Scan #1: Leading/Sensitive Groups
Look at the groups that should be leading in reflation — and aren’t.
Transportation is negative year-to-date (-1.4%). In reflation, transports should fly. They’re lagging. (Keep an eye on this)
Biotech can’t get traction. A hot month doesn’t change the fact it’s negative over 12 months (-4.5%). (I think the move is just starting but it is still a laggard.)
Bitcoin is diverging. Up YTD, but negative in the short-term. Something to keep an eye on. (Still long)
These are the market’s passport offices: messy, inconsistent, and not worth the line.
Scan #2: International Leadership Dashboard
It’s not just sectors — whole countries are flashing red.
Argentina: -16% YTD, -16% vs SPX.
India Financials: -12% YTD, -20% vs SPX.
Saudi Arabia & Turkey: both rolling over, both weak.
Meanwhile, leadership is abroad in Greece (+63% YTD) and Chinese small caps (+53% YTD). The lesson? Not all global plays are equal. Some markets are worth waiting in line for, most are not.
Scan #3: Sector Breakdown
Defensives are failing too.
Staples: down across 1M, 3M, 6M, 12M. Pure dead weight.
Healthcare: -0.3% YTD, -12% over 12 months. That’s not leadership.
Utilities: negative short-term (1M time frame)
In a reflationary regime, this makes sense. Money doesn’t hide in “safe havens.” It flows toward cyclicals, growth, and commodities.
Why This Makes Sense in Reflation
The flipside of weakness is confirmation of strength.
Industrials: +15% YTD.
Small Caps: strong across every timeframe.
IPO Index: +16% YTD, +29% over 12 months. Speculation is alive.
Metals & Mining: +46% YTD. The clearest confirmation of a commodity bull market getting started.
This is what a reflationary environment looks like. Capital moves toward growth, risk-on assets, and real-economy plays. The laggards we just walked through don’t fit that playbook.
The Value of Knowing What Not to Do
Everyone obsesses about winners. But avoiding losers is just as important.
Think about the portfolios sitting heavy in Staples, Healthcare, or Argentina right now. The opportunity cost is massive. It’s not just lost capital — it’s missing out on the sectors that are actually compounding.
That’s why I say we love the unloved. Not because we’re buyers. But because identifying the unloved helps us avoid wasting time and capital.
The Takeaway
Standing in line at the passport office yesterday, watching inefficiency unfold, I realized something: the market is full of the same traps.
You don’t beat the market by pretending they don’t exist. You beat it by spotting them and stepping aside.
Right now, the scans are crystal clear:
Transportation, Biotech, and Bitcoin aren’t leading.
Argentina, India Financials, Saudi Arabia, and Turkey are laggards globally.
Staples, Healthcare, and Utilities are dead money in sectors.
These are the passport offices of the market. Messy, inefficient, not worth the wait.

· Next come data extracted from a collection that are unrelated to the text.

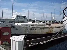In March 2007, mention of the Phoenix, gutted and minus both masts and its hand-carved Phoenix figurehead, showed up in an ad on Craigslist which began, "FREE: 50-foot yacht. . ." John Gardner of Lodi, California, then 31, took possession of the Phoenix and had it towed up the Sacramento River, hoping to restore it and use it to rehabilitate young people recovering from substance abuse. During the journey, the yacht collided with a dock and had to be kept afloat with the help of a battery-powered bilge pump.[21] In August 2010 the Phoenix went down off Tyler Island despite Gardner's efforts to keep it from sinking.[22] In September 2010 Dr. Naomi Reynolds, granddaughter of the original Dr. Reynolds, took possession of the yacht, resting in 25 feet of water in the Mokelumne River.[23] A diver inspected the vessel and found no serious damage.[24] Peace activists are currently restoring the Golden Rule (2013) and plan to resume peace activities in it. They hope to raise funds to raise and restore Phoenix of Hiroshima next.[25][26]
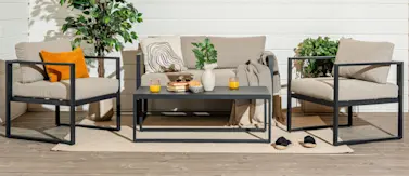 Kalusteiden kestävä teräsrunko on käsitelty kolmen vaiheen prosessilla, joka takaa pitkän käyttöiän ja kestävyyden vaihtelevissa sääolosuhteissa. UV-suojatut pehmusteet säilyttävät värinsä auringossa ja irrotettavat päälliset tekevät puhdistamisesta helppoa.
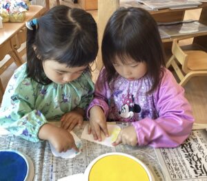 かき氷の飾りでは、色鉛筆や指絵の具で
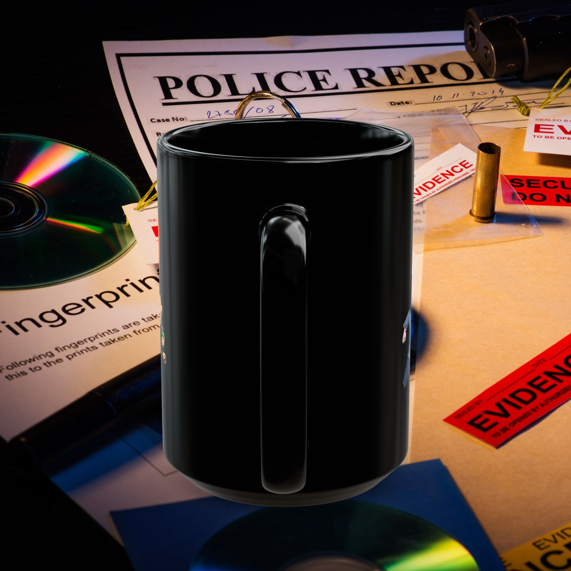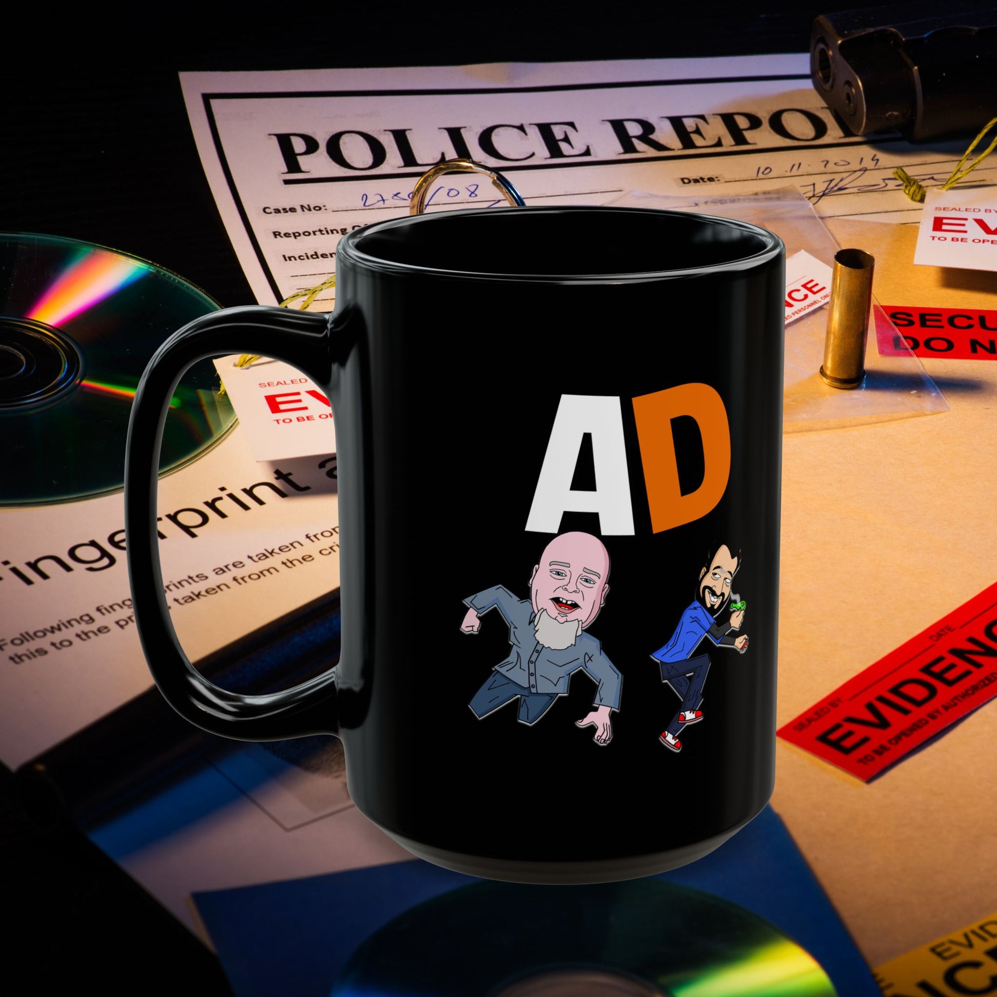 The iconic AD logo anchors the scene, while fingerprint cards, shell casings, and a suspiciously bureaucratic police report set the tone. It’s the kind of mug that makes your coworkers ask, “Wait… what is this?” And that’s exactly the point.
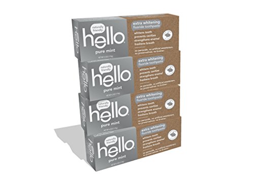 Say hello to naturally friendly extra whitening fluoride pure mint toothpaste. It's thoughtfully formulated with high quality ingredients like xylitol, stevia and a silica calcium carbonate blend that gently whitens teeth. Ever the overachiever, it also tastes awesome, prevents cavities and strengthens enamel. Hello contains no peroxide, no artificial sweeteners, no artificial flavors, no dyes, no preservatives, no microbeads, no triclosan, no parabens, and no gluten and the hits just keep on coming: Hello is also vegan, never tested on animals (Leaping Bunny Certified and PETA recognized) and made in the USA. whitening without peroxide. Brilliant, just like you.
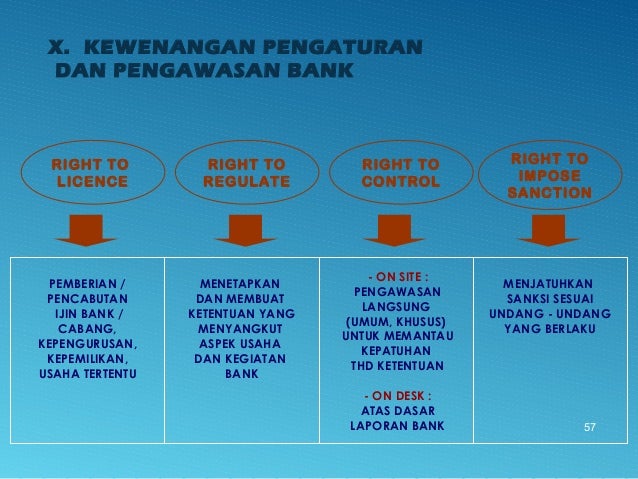 - 57. X. KEWENANGAN PENGATURAN DAN PENGAWASAN BANK 57 PEMBERIAN / PENCABUTAN IJIN BANK / CABANG, KEPENGURUSAN, KEPEMILIKAN, USAHA TERTENTU MENETAPKAN DAN MEMBUAT KETENTUAN YANG MENYANGKUT ASPEK USAHA DAN KEGIATAN BANK - ON SITE : PENGAWASAN LANGSUNG (UMUM, KHUSUS) UNTUK MEMANTAU KEPATUHAN THD KETENTUAN - ON DESK : ATAS DASAR LAPORAN BANK MENJATUHKAN SANKSI SESUAI UNDANG - UNDANG YANG BERLAKU RIGHT TO LICENCE RIGHT TO REGULATE RIGHT TO CONTROL RIGHT TO IMPOSE SANCTION
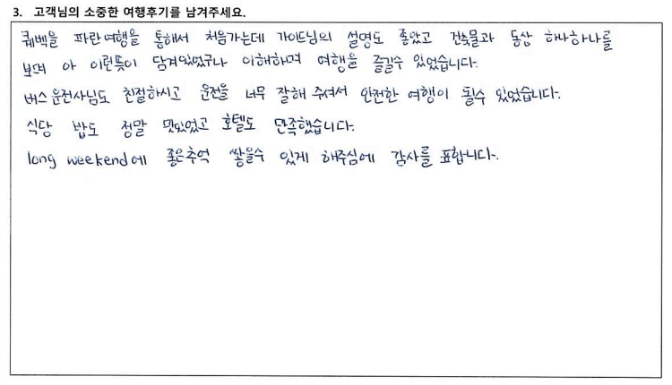 제목 | 2021년 10월 09일 퀘벡+몽트랑블랑 2박3일 1호차 후기 | ||
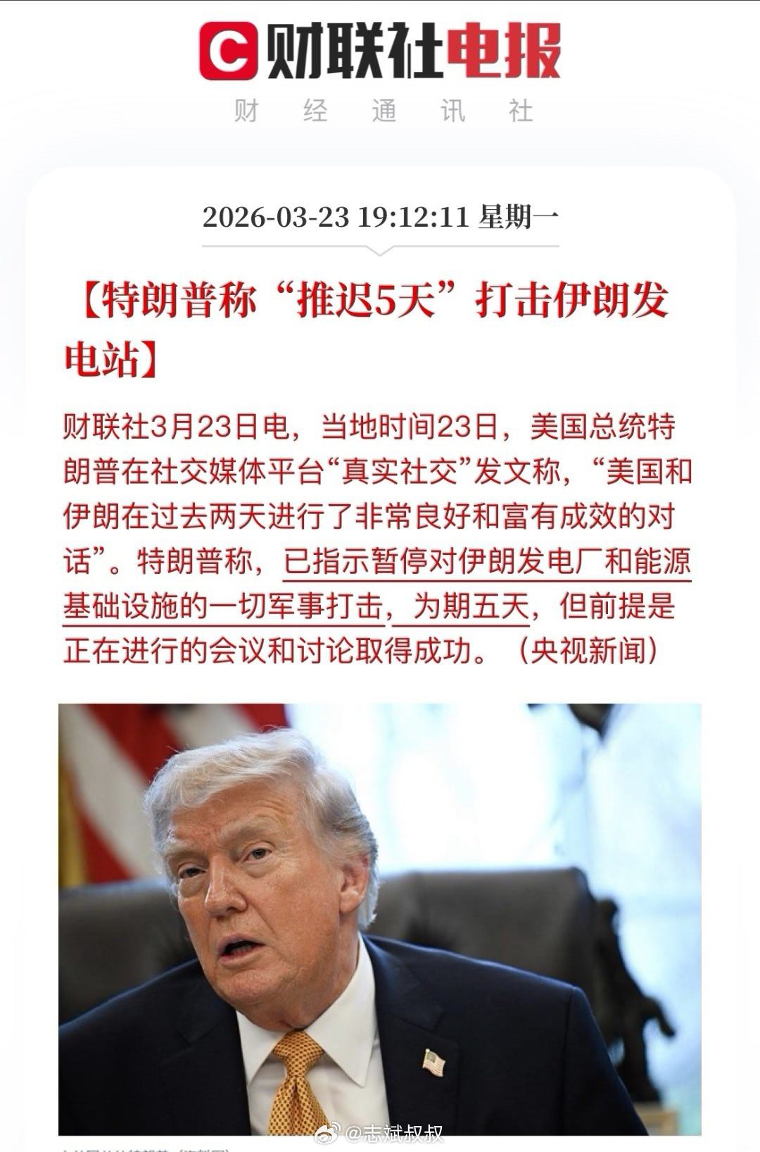 特朗普说美伊已经对话。特朗普说推迟5天打击伊朗。但伊朗媒体表示,美伊之间既没有直
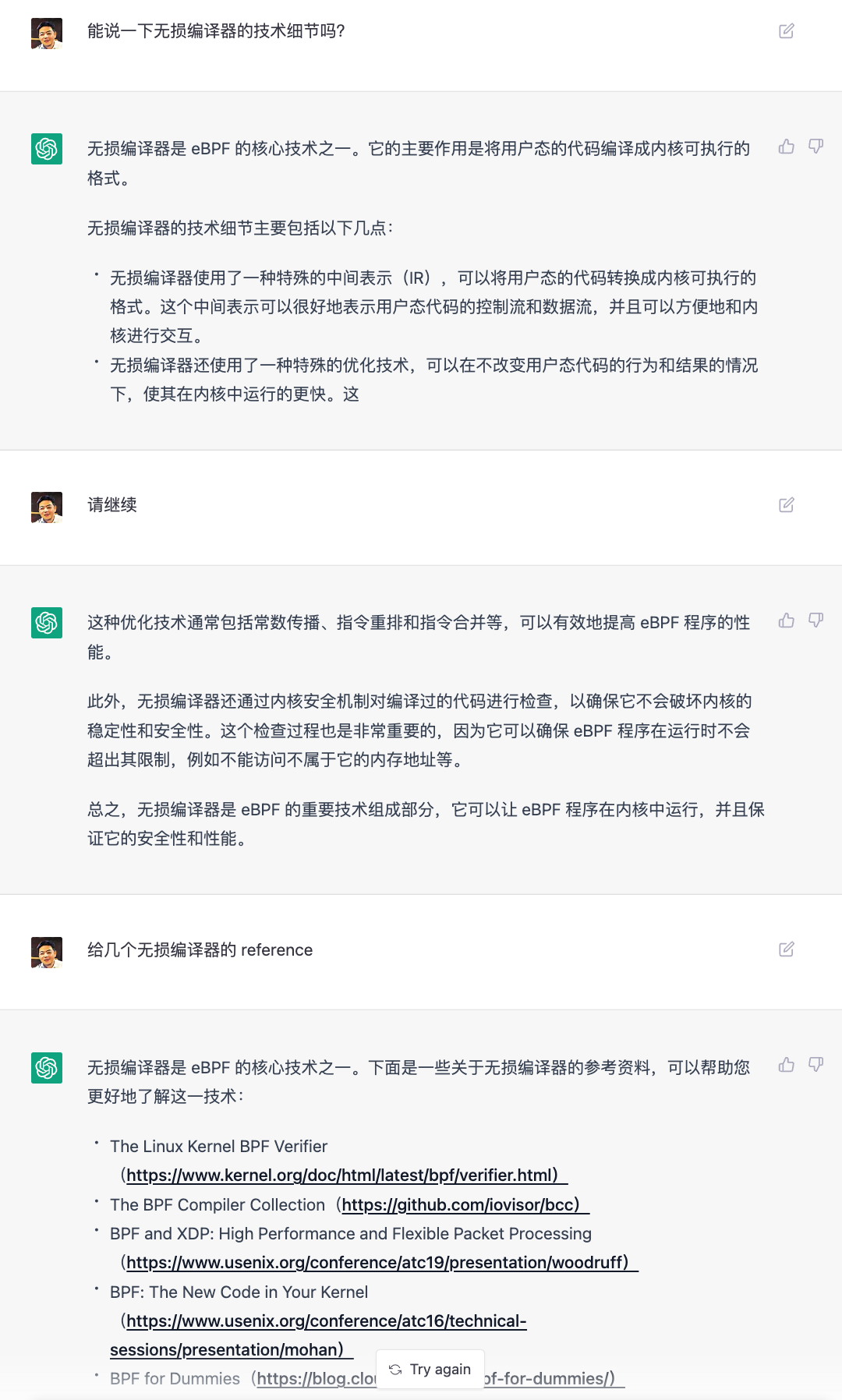 到了文章收关的阶段,我让ChatGPT 给我几个延伸阅读,也是很好的,但是没有给出链接,于是我只得人肉 Google 了一下,然后让我吃惊的是,好多ChatGPT给出来的文章是根本不存在的,完全是它伪造的 。我连让它干了两次都是这样,这个让我惊掉大牙。这让我开始怀疑它之前生成的内容,于是,我不得我返回仔细Review我的文章,尤其是“介绍”、“用途”和“工作原理”这三个章节,基本都是ChatGPT生成的,在Review完后,我发现了ChatGPT 给我生造了一个叫 “无损编译器”的术语,这个术语简直了,于是我开始重写我的文章。我把一些段落重写了,有一些没有,保留下来的我都标记上了 [1],大家读的时候要小心阅读。

Meanwhile, Gold Miners, Industrials, Small Caps, IPOs, international stocks and Metals & Mining are the open highways. That’s where capital flows. That’s where opportunity compounds.
I wasn’t built for standing in lines. I was built for motion. For chaos. For speed.
And this market is telling us the same thing: stop waiting around. Avoid the passport offices. Stay on the highway.